2023-07-23 22:47:43 +02:00

We spent whole day running an array of almost 2000 entity detectors on the test server, it caused dtime to heavily depend on number of entities active (as expected), but did not seem to cause any leaks - memory usage also just corresponded to number of mobs.

Kinda obvious results, but at least that was checked.

We spent whole day running an array of almost 2000 entity detectors on the test server, it caused dtime to heavily depend on number of entities active (as expected), but did not seem to cause any leaks - memory usage also just corresponded to number of mobs. Kinda obvious results, but at least that was checked.

👍 1

AliasAlreadyTaken commented

2023-07-24 01:14:41 +02:00

I'd like to add "the release of unused mapblocks" to the list of suspects.

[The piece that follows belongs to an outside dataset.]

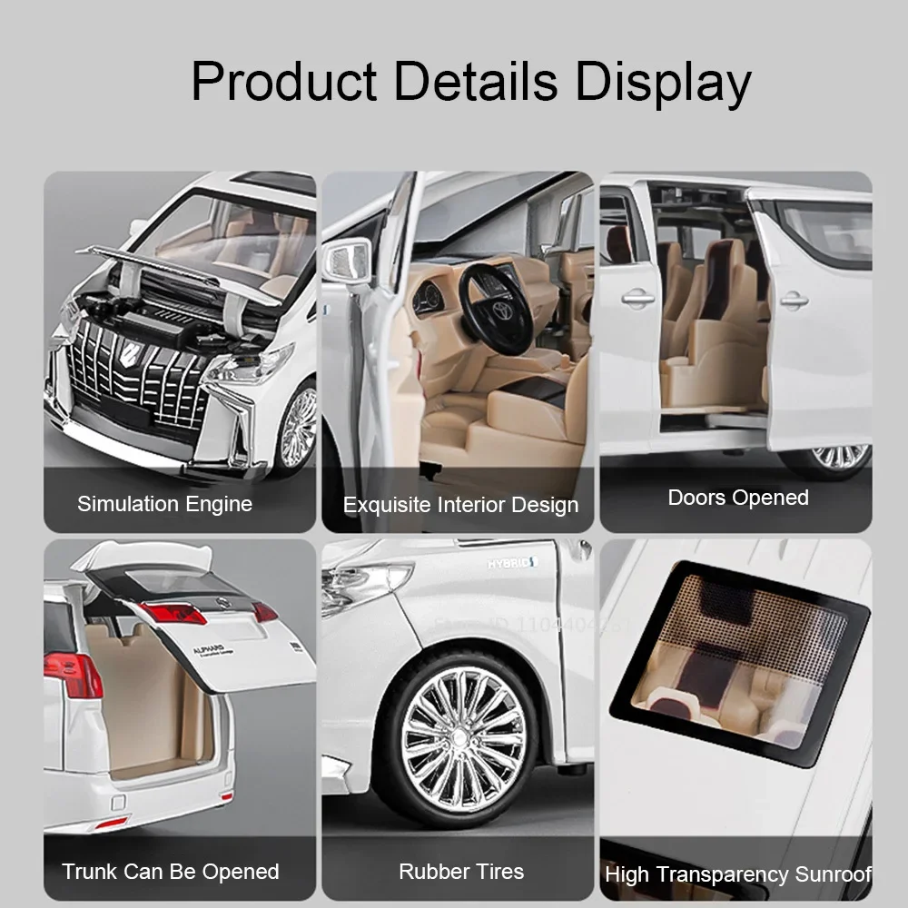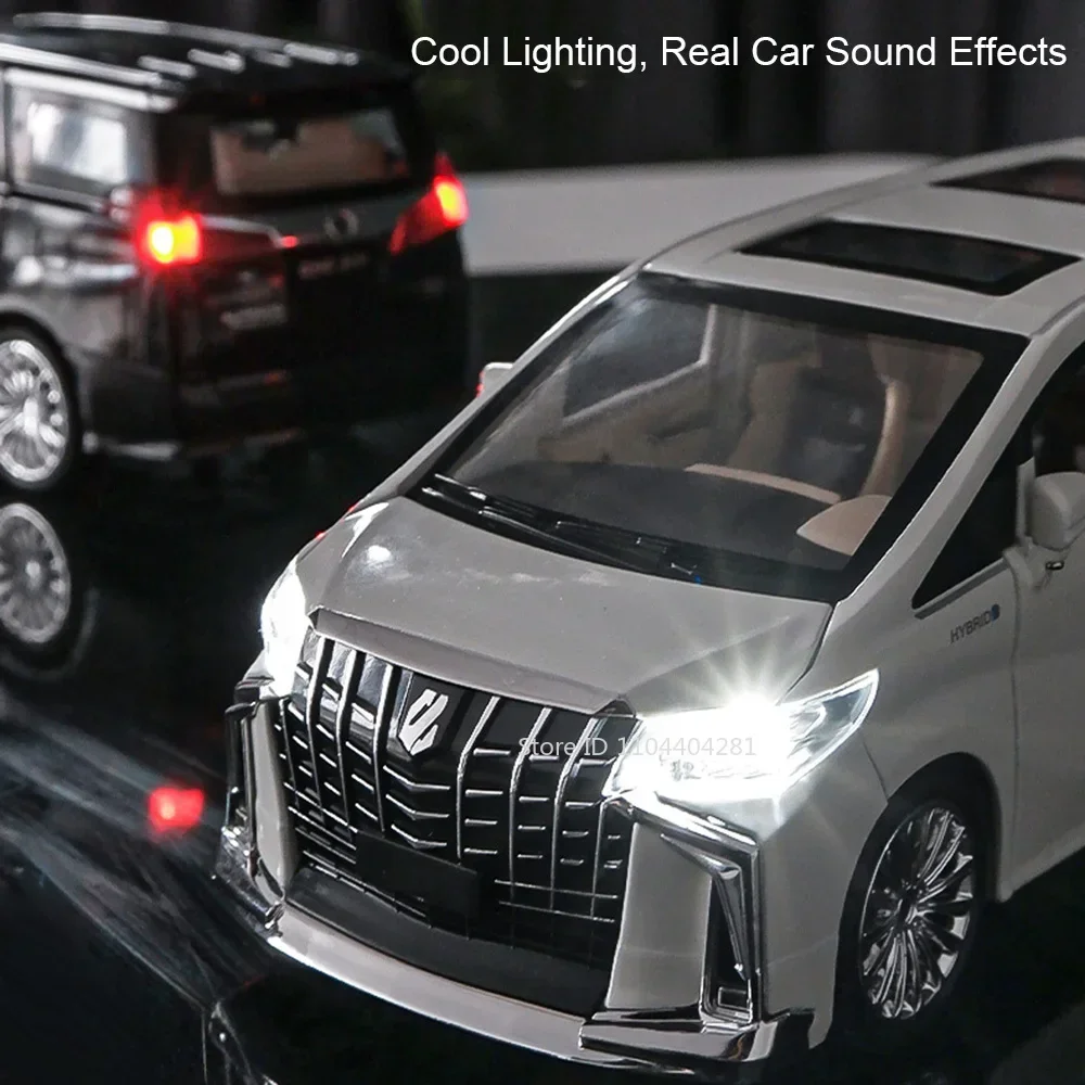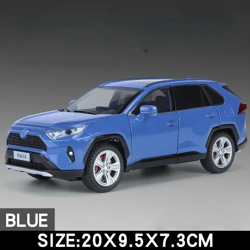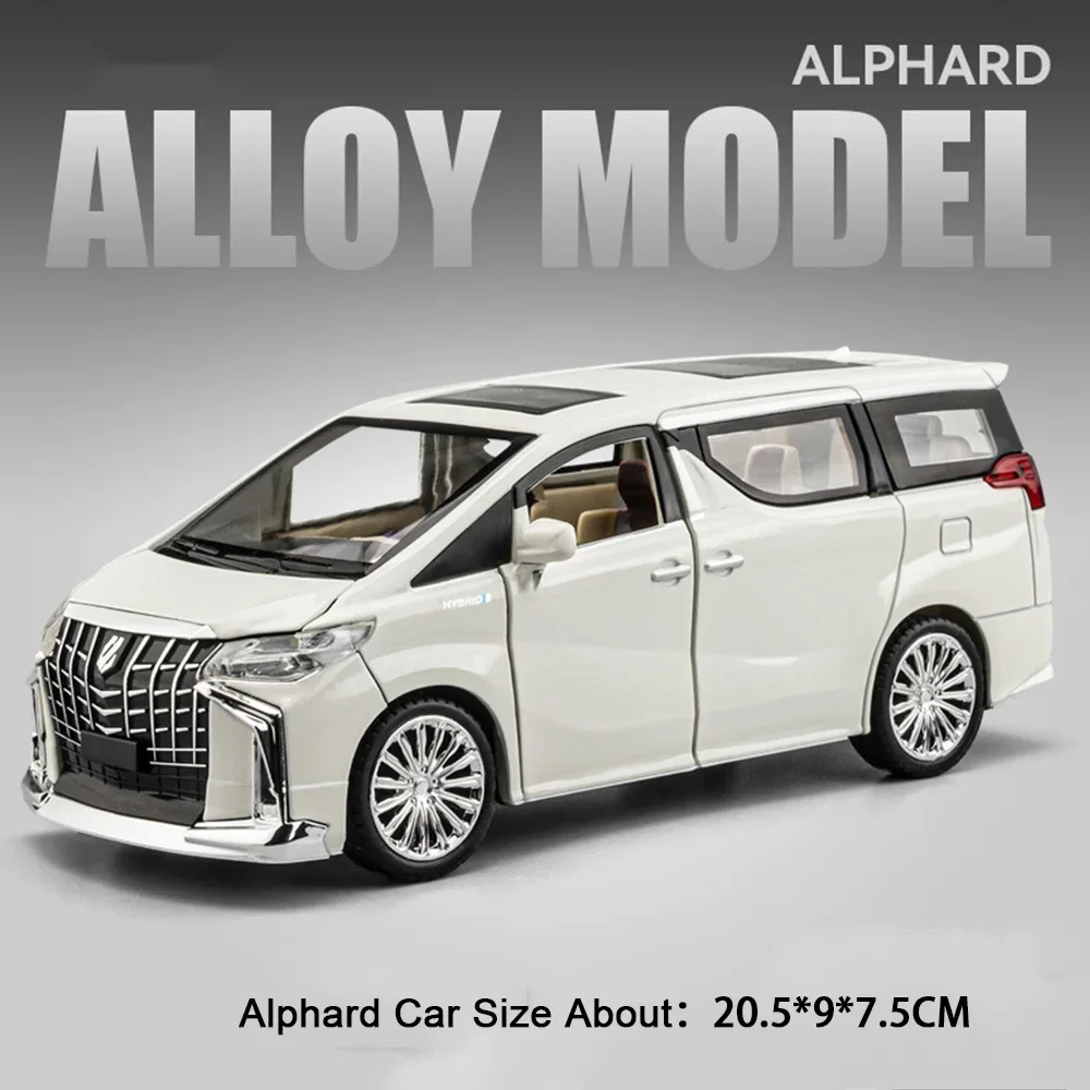 Experience the realistic charm of this 1:24 scale diecast alloy car model, available in black and white Alphard or red, white, and blue RAV4. Crafted with a durable metal body, plastic chassis, and rubber tires, measuring approximately 20.5 x 9 x 7.5 cm (Alphard) or 20 x 9 x 7 cm (RAV4), it features openable doors, pull-back functionality, and built-in sound and light effects with included batteries. The sleek design with detailed exterior accents, sharp headlamps, multi-spoke alloy wheels, and a panoramic sunroof makes it a perfect collectible, gift, or display piece that exudes modern sophistication and craftsmanship.

The release of unused blocks is governed by this setting:

#    How long the server will wait before unloading unused mapblocks, stated in seconds.
#    Higher value is smoother, but will use more RAM.
#    type: int min: 0 max: 4294967295
# server_unload_unused_data_timeout = 29

Our setting is server_unload_unused_data_timeout = 900, that's 15 minutes. So (after a restart) I teleported two accounts to random location with this script:

yl_events.timer = 0
yl_events.stopme = false
yl_events.teleport = function(dtime)
	if yl_events.stopme == true then return end
	yl_events.timer = yl_events.timer + dtime
	if yl_events.timer < 5 then
		return
	end
	yl_events.timer = 0
	local objs = core.get_connected_players()
	for _,obj in ipairs(objs) do
		local x = math.random(-30000,30000)
		local y = math.random(-30000,30000)
		local z = math.random(-30000,30000)
		local v = vector.new(x,y,z)
		obj:set_pos(v)
	end
end
minetest.register_globalstep(yl_events.teleport)

This resulted in a growing number of blocks loaded into memory (and mapgen running wild) and also a growing memory usage, both in a linear fashion. Maximum memory was 21.5GB virtual and 19.4GB reserved memory for Minetest_test and maximum number of loaded blocks around 1 Million.

While the number of loaded mapblocks was pretty much after the initial "filling phase", the memory did not return to anything below those maximum values, even though I logged off both accounts.

perf top:

  19.51%  minetestserver                   [.] MapSector::getBlocks
   5.77%  minetestserver                   [.] Map::timerUpdate
   5.54%  minetestserver                   [.] lj_tab_get
   1.97%  minetestserver                   [.] LuaEntitySAO::step
   1.93%  minetestserver                   [.] ServerMap::save
   1.81%  minetestserver                   [.] std::_Function_handler<void (ServerActiveObject*), ServerEnvironment::step(float)::{lambda(ServerActiveObject*   1.78%  minetestserver                   [.] lj_vm_next
   1.62%  minetestserver                   [.] MapNode::serializeBulk
   1.62%  minetestserver                   [.] server::ActiveObjectMgr::step
   1.58%  minetestserver                   [.] lj_str_new

It is possible that the Testserver is still busy with generating mapblocks and storing them in the database. So until MapSector::getBlocks goes down to a more reasonable value, I'll wait and see what the memory does at that point.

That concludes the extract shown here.